12:00 EAT 20/01/2022
Karim Konate NXGN GFX
The 17-year-old striker is the third-youngest player at Afcon 2021, with many hoping he can be a leader of the nation's new golden generation

Cote d’Ivoire has produced a slew of great footballers since the Elephants’ debut at the Africa Cup of Nations in 1965, but it was in the early 2000s that the country's true 'golden generation' emerged.

Led by Chelsea legend Didier Drogba, the group boasted a number of influential players from Europe's elite clubs, including the likes of the Toure brothers Yaya and Kolo, Emmanuel Eboue and Salomon Kalou.

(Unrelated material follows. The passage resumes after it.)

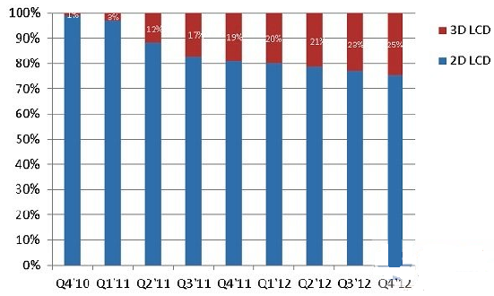 根據(jù)NPD DisplaySearch的調(diào)查,在元旦期間的主要城市賣場,3D液晶電視在零售終端滲透率甚至高達(dá)40%;而整體3D液晶電視出貨滲透率可望在2012年第一季超過20%;該機(jī)構(gòu)在全球電視出貨與預(yù)測季報(Quarterly Advanced Global TV Shipment and Forecast Report)中預(yù)測,到2012年第四季,中國大陸 3D液晶電視滲透率可達(dá)25%。

They were, however, unable to replicate their club form for the national team, leaving their millions of expectant fans upset as they craved a second continental title, and first since 1992.

They did reach two Afcon finals, in 2006 and 2012, but both ended in disastrous defeats for the Elephants, as many supporters vowed not to watch their football again in the aftermath. Their historic qualification for the World Cup in 2006 remains the most glamorous achievement of the group.

By the time Cote d'Ivoire did win their second Afcon title, in Equatorial Guinea in 2015, Drogba and a number of other members of that famous side had retired. Yaya Toure was still there to captain the side, but it was a team that soon disbanded as the remaining veterans hung up their boots soon after.

For the remainder of the decade, enthusiasm for domestic and national team football in the country diminished, with no household names to root for either at home or abroad.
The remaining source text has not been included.